Wednesday, September 06, 2006

Don't Blame Tax Code for Options Mess

The Senate hearings on the backdating of stock options has cast into stark relief what I was blogging about recently. I have taken the position that the only legitimate use of stock options is to align the interest of company employees with the interest of the owners of the company, the shareholders. The need to do this came about, as Professor Berle noted, with the divorcement of corporate ownership from corporate management and the rise of the professional managerial class.

At the Senate Banking Committee hearings, SEC Chairman Christopher Cox gave an example of backdating as being when an executive is granted an in-the-money option with an exercise price lower than that day’s market price. This is done by misrepresenting the date of the option grant, to make it appear that the grant was made on an earlier date when the market value was lower. The purpose of disguising an in-the-money option through backdating is to allow the person who gets the option grant to realize larger potential gains without the company having to show it as compensation on the financial statements.

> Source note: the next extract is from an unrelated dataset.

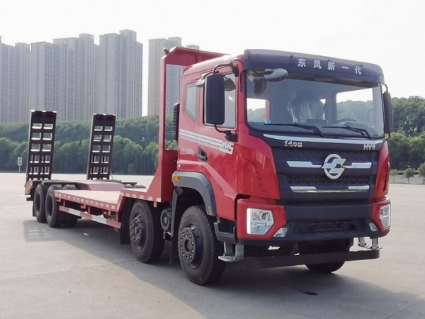 Dongfeng Huashen 8X4 concave trailer, with innovative design, ultra-low height, good stability performance, Yuchai 350 horsepower engine, Faust 12 speed gearbox, wheelbase of 1850+5800+1350, front axle of 5.5 tons, widened rear axle of 13 tons, 10.00 steel wire tires, new sedan level luxury interior workbench, 10 inch super multifunctional screen, reverse image, original air conditioning, remote lock multiple lock in one, multifunctional steering wheel, airbag seats, LED daytime running lights, vehicle size 12000X2550X3200mm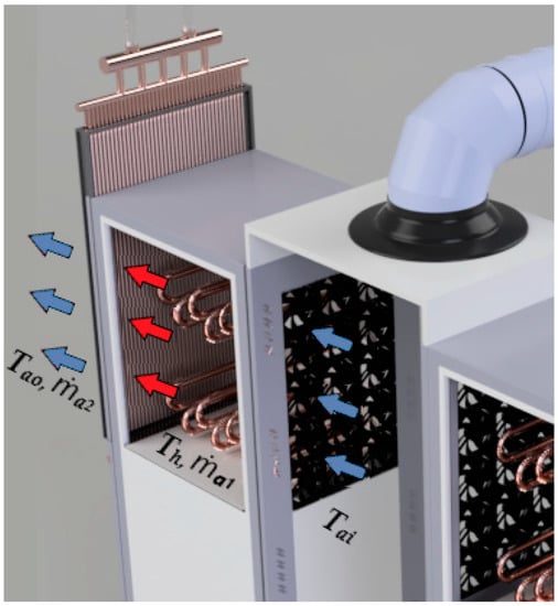 where QH represents the heaters’ power into the data rack. As can be seen in Figure 8, air temperature and air flowrate changed after exiting the thermosiphon. Accordingly, the amount of heat absorbed by the thermosiphon can be calculated as,

Under this scenario, the option does not pass the test I enunciated above. It does not align the interest of the executives with the shareholders, who obviously cannot backdate. We have to keep our eye on this ball.

One of the biggest red herrings in this entire debate is to blame the federal tax code for the proliferation of backdating. Since 1993, the Internal Revenue Code has limited the deduction companies may take for compensation paid to certain executive officers to $1 million, which presumably set off many contortions to try to get executives more compensation. But the tax code excludes performance-based compensation from this limit. And, stock option compensation may be treated as performance-based when the exercise price is equal to or more than the grant date’s market price. In which case, the interests of the executive would be aligned with those of the shareholders. Thus, the IRC does allow for the legitimate use of stock options and always has.